6. Poisson distribution R‐value of Perls/DAB‐positive staining of P30 male MIA offspring, respectively, in the coronal (Ctrl = 1.19 ± 0.04, Poly I:C = 0.94 ± 0.01; Mann–Whitney U‐test, **P < 0.01), axial (Ctrl = 1.16 ± 0.08, Poly I:C = 1.03 ± 0.03), and sagittal (Ctrl = 1.09 ± 0.09, Poly I:C = 1.01 ± 0.05) planes.

7. Representative images of iron deposits detected through Perls staining in P90 Ctrl and Poly I:C MIA male offspring brains. Scale bar = 500 μm and enlargement scale bar = 100 μm.

8. Quantification of Perls‐positive staining in the brain of P90 Ctrl (0.25 ± 0.05) and Poly I:C (0.59 ± 0.10) male MIA offspring, expressed as a percentage of the area. Mann–Whitney U‐test, **P < 0.01.

9. Representative image of marble‐burying test at 0 and 30 min. Fifteen‐glass marbles were evenly spaced on a 5 × 3 grid.

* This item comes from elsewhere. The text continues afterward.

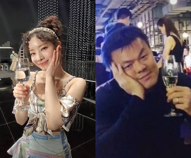 "사장님 놀리는 사원"..트와이스 다현-쯔위, 박진영 짤 소환
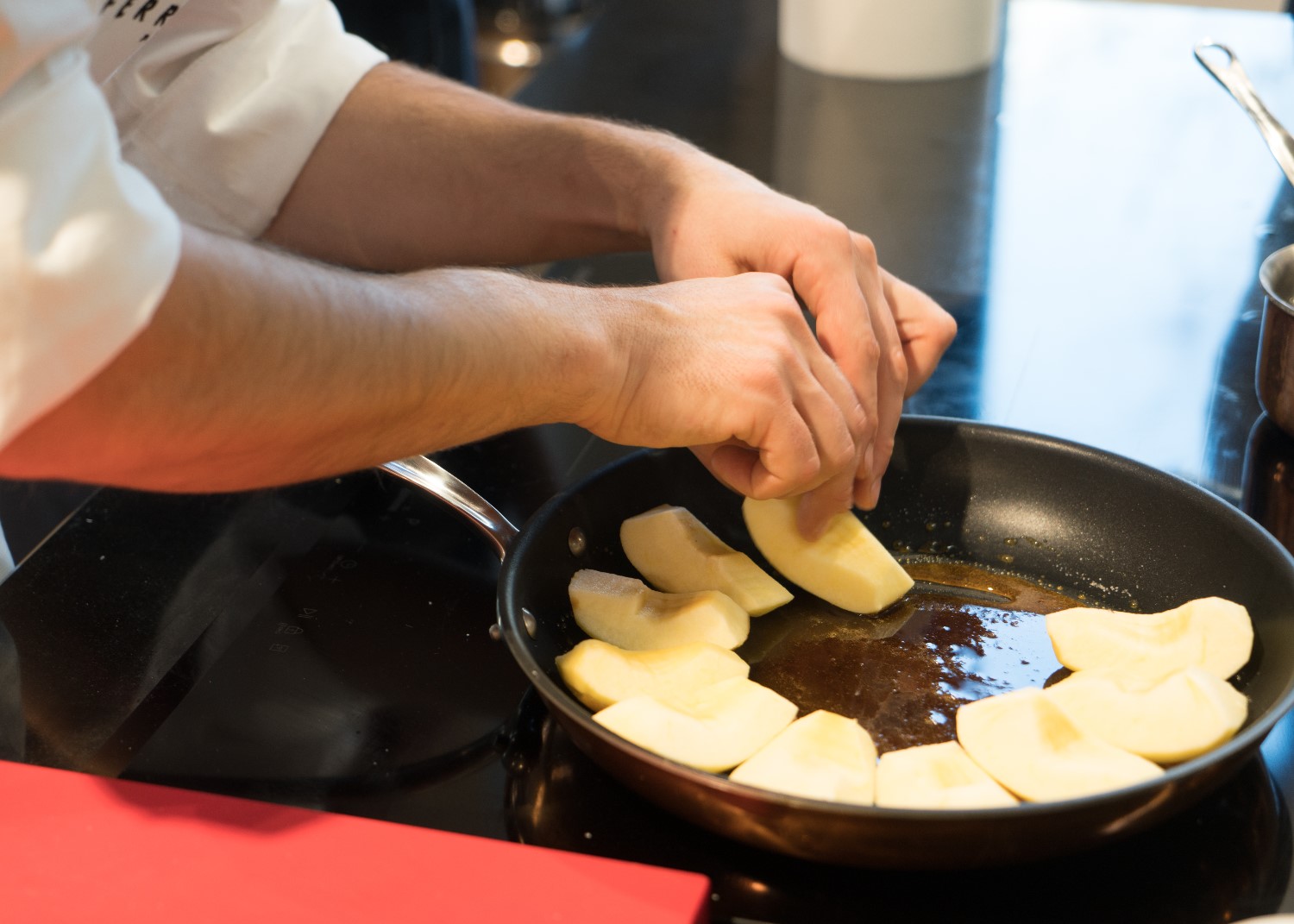 เริ่มต้นคลาสนี้ด้วยการนวดแป้งทาร์ต เเละนำเข้าไปแช่ในตู้เย็นเพื่อให้แป้งเซ็ทตัว หลังจากนั้นก็เริ่มปลอกแอปเปิ้ล และหั่นเป็นชิ้นๆ

Marbles buried by two‐thirds at least are indicated by a red circle or by a cross within a red circle when fully covered by the sawdust.

10. Quantification of buried marble (n°) by P90 Ctrl male (3.33 ± 1.67), Poly I:C male (5.72 ± 2.10), Ctrl female (3.83 ± 1.72), and Poly I:C female (3.00 ± 2.00) mice. Student's t‐test, **P < 0.01.

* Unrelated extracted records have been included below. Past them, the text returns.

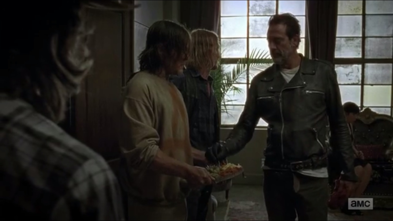 Then Dwight and Daryl just as Negan is kissing Sherry. Daryl, as the help, brings in a plate of food, which is sad to see, I will admit. He demands to know why Carl is here, but that’s none of his business. If Daryl isn’t careful, a toothpick will go through Carl’s good eye. Negan then tells Dwight to fire up the furnace. It’s time for a little déjà vu.
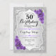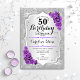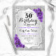 50:e födelsedagsinbjudan. Utformning av blommigten för elegant i silver och lila. Funktioner faux glitter silver rand, lila ro snyggt script font och confietti. Perfekt för en glam-födelsedagsfest.
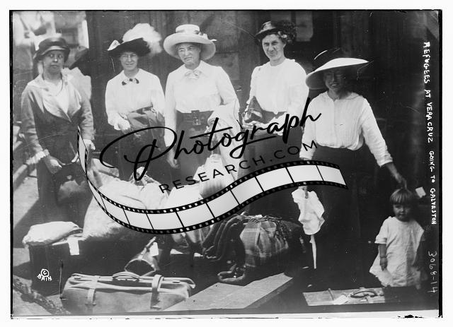 Refugees at Vera Cruz going to Galvaston,Mexico,1910-1915,women,luggage
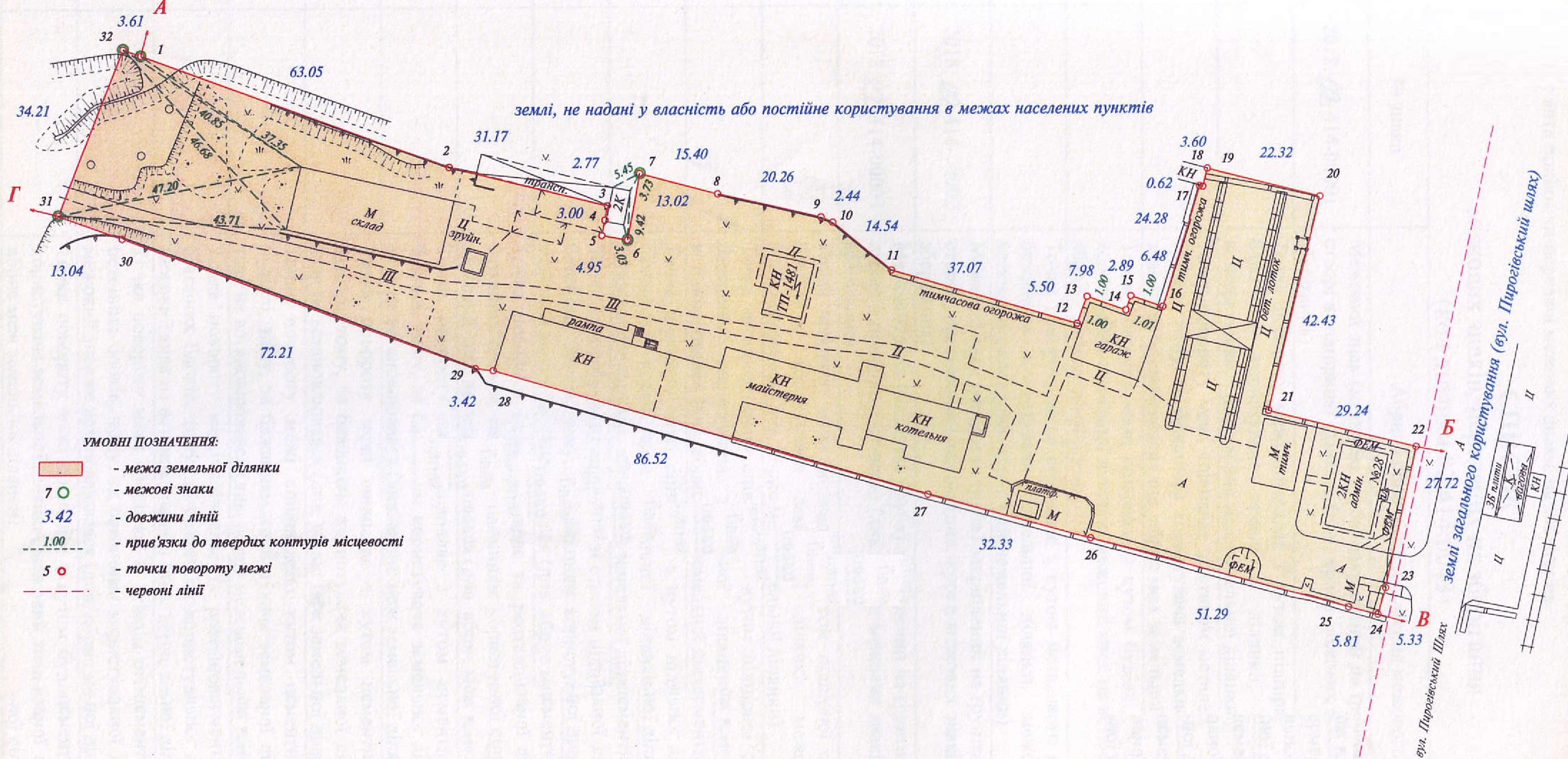 Имущественный комплекс (административно-производственная база) расположена в Голосеевском районе г. Киева ул. Пироговский шлях на двух земельных участках:
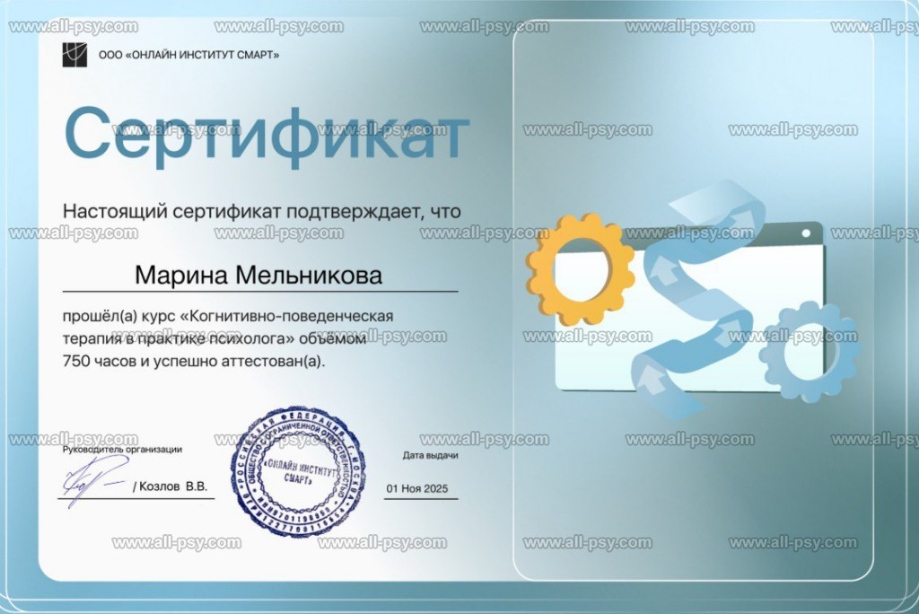 Я являюсь практикующим психологом с высшим психологическим образованием и профессиональной переподготовкой по методу КПТ. Также являюсь членом ассоциации когнитивно-поведенческой терапии (АКПП).
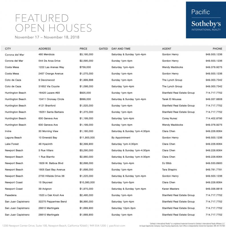 Newport Beach 2700 Hillside Drive 38 $1,225,000 Saturday & Sunday 1pm-4pm Gordon Henry 949.500.1236
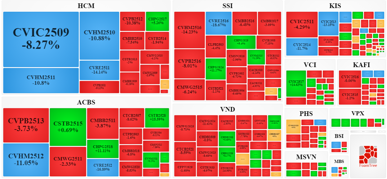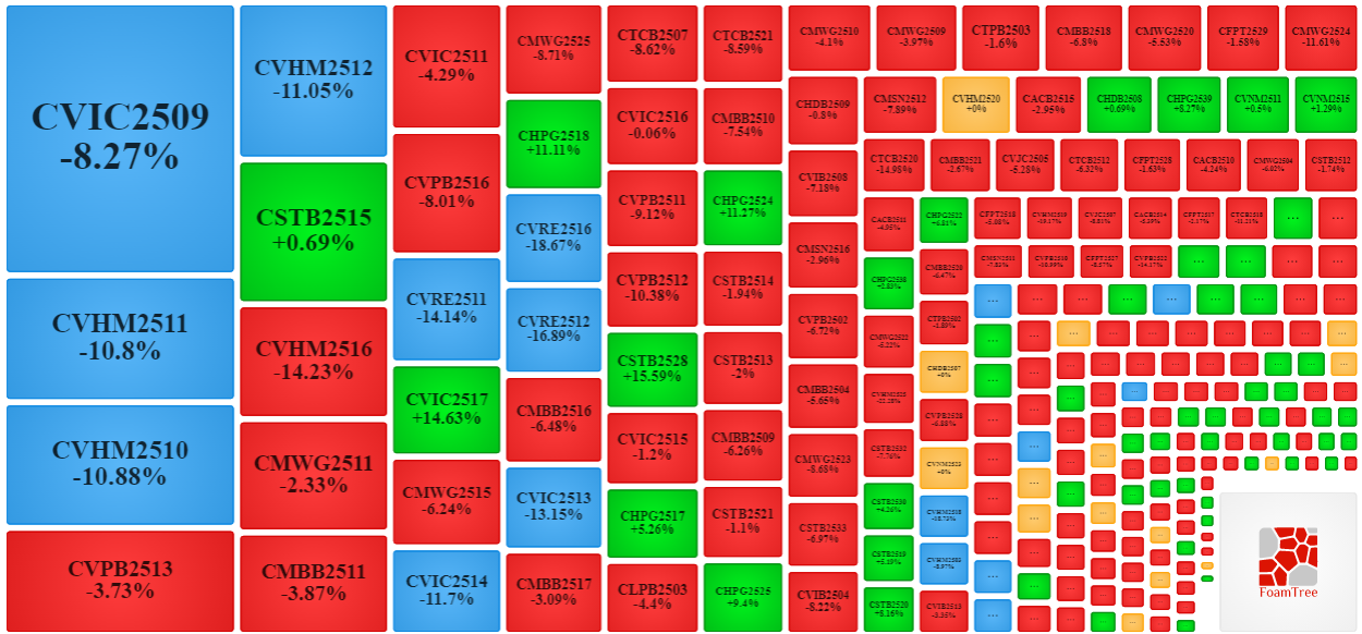 Trong phiên giao dịch ngày 26/12/2025, bên bán tiếp tục áp đảo thị trường khiến phần lớn các mã chứng quyền giảm giá. Cụ thể, các mã chứng quyền lớn trong nhóm giảm giá là CVIC2509, CVHM2511, CVPB2513 và CMWG2511.

11. Quantification of self‐grooming time (sec) by P90 Ctrl males (19.34 ± 13.00), Poly I:C males (43.38 ± 35.21), Ctrl females (19.86 ± 18.06), and Poly I:C females (16.93 ± 11.19) mice. Student's t‐test, *P < 0.05.

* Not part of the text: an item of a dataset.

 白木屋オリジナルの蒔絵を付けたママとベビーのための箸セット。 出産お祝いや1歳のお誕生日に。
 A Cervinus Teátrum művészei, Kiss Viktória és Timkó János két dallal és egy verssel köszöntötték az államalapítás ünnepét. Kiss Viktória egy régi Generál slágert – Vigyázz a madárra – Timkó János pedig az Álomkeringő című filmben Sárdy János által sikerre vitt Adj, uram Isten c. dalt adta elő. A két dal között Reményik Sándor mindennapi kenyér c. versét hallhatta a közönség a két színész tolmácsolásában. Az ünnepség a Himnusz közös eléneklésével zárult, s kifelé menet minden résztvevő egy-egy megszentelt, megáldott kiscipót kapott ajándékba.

Data information: Ctrl males = white bars with blue border. Poly I:C males = blue bars with blue border. Ctrl females = white bars with purple border. Poly I:C females = purple bars with purple border. Numbers in bars indicate the number of animals (N) and slices (n). Bars represent mean ± SEM. Source data are available online for this figure.